Introducing SIMBA (probably Simba Kali meaning Fierce Lion...but he is DH's cat..."turncoat" that he is)....





Mystik's iPad games.... (Videos...click to view)



Luna's bed (video)



Luna....she is losing her kitten fuzzies and her coat is coming in absolutely stunning!


----------



## 10cats2dogs (Jun 16, 2013)

Welcome Simba Kali! He's Adorable!:thumbup::thumbup: 
Mystik is definitely a "Gamer"!
Luna kneading her bed is adorable, "It's all mine, mine, mine!"
Gorgeous!! Every single one!


----------



## Jetlaya67 (Sep 26, 2012)

You have the prettiest kittens! Simba is adorable. I am so glad they get along. Congratulations on your new baby lion!


----------



## my5kitties (Sep 13, 2005)

The cuteness...I'm melting...!!!


----------



## Jenny bf (Jul 13, 2013)

Congrats. Simba is a lovely boy


----------



## 0ozma (Sep 22, 2012)

Cute!


----------



## dt8thd (Jan 7, 2013)

Awe, they're all such cuties!  Congratulations on the new addition!


----------



## spirite (Jul 31, 2012)

Eeeeeee! How cute is that pic of Simba standing on his hind legs?! :luv

Mystik tuckered herself out after chasing the fish (but she won!)  She's an adorable little huntress! 

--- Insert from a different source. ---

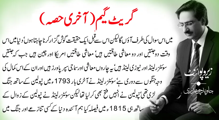 نپولین نے انہیں فتح بھی کر لیا تھا لیکن سوئٹزرلینڈ نے نپولین کے زوال کے ساتھ ہی 1815ء میں فیصلہ کیا ہم آئندہ دنیا کے کسی تنازعے اور جنگ میں شریک نہیں ہوں گے‘ ہم نیوٹرل رہیں گے چناں چہ آج دو سو گیارہ سال گزرنے کے باوجود سوئٹزرلینڈ کسی عالمی تنازع میں شامل ہوا اور نہ کوئی جنگ لڑی‘ یہ جنگ عظیم اول اور دوم میں بھی نیوٹرل رہا شاید یہی وجہ ہے سوئٹزرلینڈ میں اڑھائی سو سال پرانے سکول اور کالجز ہیں اور عالمی جنگوں کے دوران بھی متحارب ملکوں کے سربراہوں اور ارب پتیوں کے بچے ان سکولوں میں پڑھتے رہے‘ آج بھی دنیا کا سب سے مہنگا سکول سوئٹزرلینڈ میں ہے‘ اس کے دو کیمپس ہیں اور ایک بچے کی سالانہ فیس پانچ کروڑ روپے ہوتی ہے‘ دنیا کے سب سے محفوظ بینک بھی اسی ملک میں ہیں اور لیگ آف نیشنز اور اقوام متحدہ کے زیادہ تر دفاتر بھی سوئٹزرلینڈ میں ہیں۔ نیوزی لینڈ بھی جنگوں سے پاک ملک ہے‘ اس میں آخری جنگ 1845ء سے 1872ء کے درمیان لڑی گئی‘ یہ برطانوی فوجیوں اور موری قبائل کے درمیان جھڑپیں تھیں‘ اس کے بعد 1916ء میں ہلکی پھلکی جھڑپیں ہوئیں‘ اس کے بعد 1979ء میں آک لینڈ یونیورسٹی میں ہاکا پارٹی کا واقعہ پیش آیا‘ یہ چھوٹی سی لڑائی تھی جو صرف تین منٹ جاری رہی اور اسے ’’دی تھری منٹ وار‘‘ کہا جاتا ہے چناں چہ نیوزی لینڈ بھی زمین پر جنت کی حیثیت رکھتا ہے‘ آپ کبھی سوئٹزرلینڈ اور نیوزی لینڈ جا کر دیکھیں آپ جوں جوں بڑے شہروں سے نکلتے اور دیہات کی طرف بڑھتے جائیں گے آپ خود کو جنت میں محسوس کرتے جائیں گے اور اس کا سارا کریڈٹ جنگوں سے پرہیز کو جاتا ہے‘ یہ دونوں ملک اگر آج کسی تنازع یا جنگ میں شریک ہو جائیں تو ان کی جنت کو جہنم بنتے دیر نہیں لگے گی۔ چین اور امریکا بھی اس لیے سپرپاور ہیں کہ دونوں نے دوسری جنگ عظیم کے بعدکسی جنگ کو

And you're right: Luna's coat is gorgeous. I just noticed that the markings above her eyes make it look like she's got little eyebrows. So cute! 

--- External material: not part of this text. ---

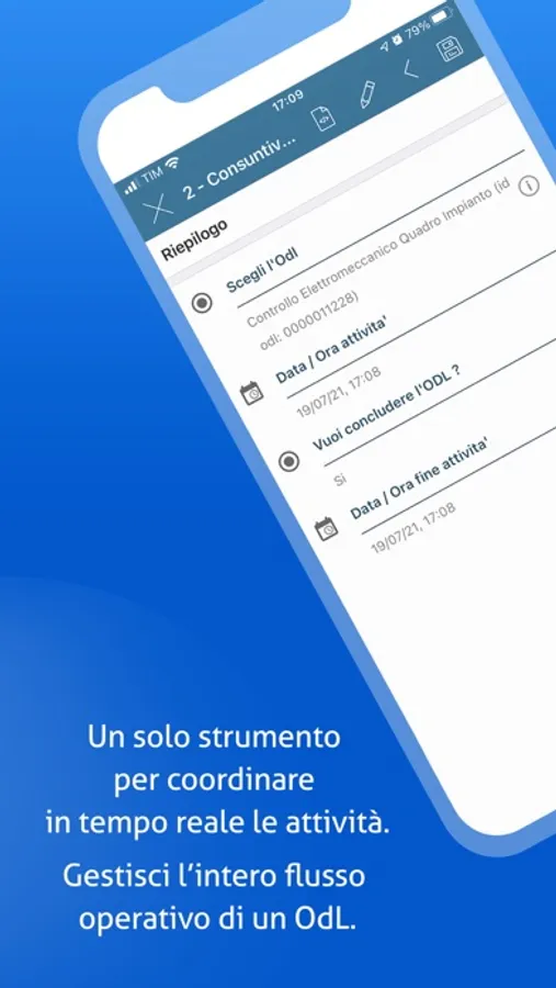 • consuntivazione di un OdL (con la possibilità di inserire dati tramite registrazione vocale, così come foto e firme di validazione).

So now you've got THREE Bengal kittens running around! Hope you're eating your Wheaties...


----------



## Mochas Mommy (Dec 9, 2013)

Simba and Mystik are adorable together...they are like two little twins and have to be together for everything. If they are in their own rooms, they meow and howl for each other....but, once together, they fight and torment each other! These two will not be breeding together when the time comes...they are step-siblings (same quadruple championship father). Mr. Simba is good at hitting the box for poo, but not for pee....grrr.... Dh decided Simba was going to be HIS cat...he actually fell asleep in Simba's room last night spending time with him. So cute...DH on the bed snoring away with Simba next to his head in his little bed sound asleep. I wanted a picture but wasn't mean enough to take it (flash would have startled both).

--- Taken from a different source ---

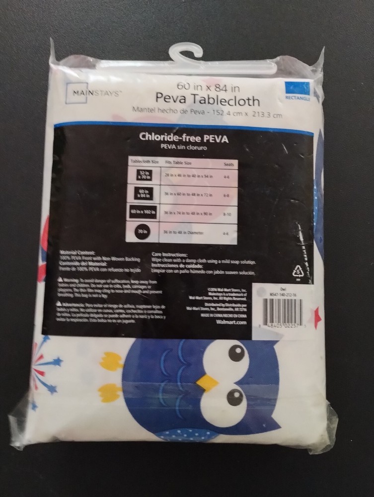 Patriotic Owl Tablecloth 60 x 84 Wipe Clean PEVA Red White Blue Bird Decor NIP. Outer packaging has some shelf wear, see photos for greater details. Free well packed First Class shipping...

Mystik is feeling almost 100%. She races around gobbling everyone's food..even took to eating Simba's dry food. She is drinking quite a bit...just watching her pees as they seem a bit low in volume to me. Her poo is almost normal consistency...but she drags her bum on the floor still (really hoping that clears up after she is finished this round of antibiotics). She is back to her pre-sick weight...so just need to catch up a few more grams for this week's weight gain amount. She ate her chicken heart and liver today...even stealing Simba's (he turned his nose up and Mystik looked at him like "are you nuts?" He also turns his nose up at freeze-dried treats which the girls look at him funny for!)

Luna is just a lovebug and darling. She is a lot more calmer and seems so much older (almost 5 months) than the other two "babies". She will play with them when she feels like it, but also just goes off to do her own thing. She will hop onto the bench by the door to ask for her harness and a walk. 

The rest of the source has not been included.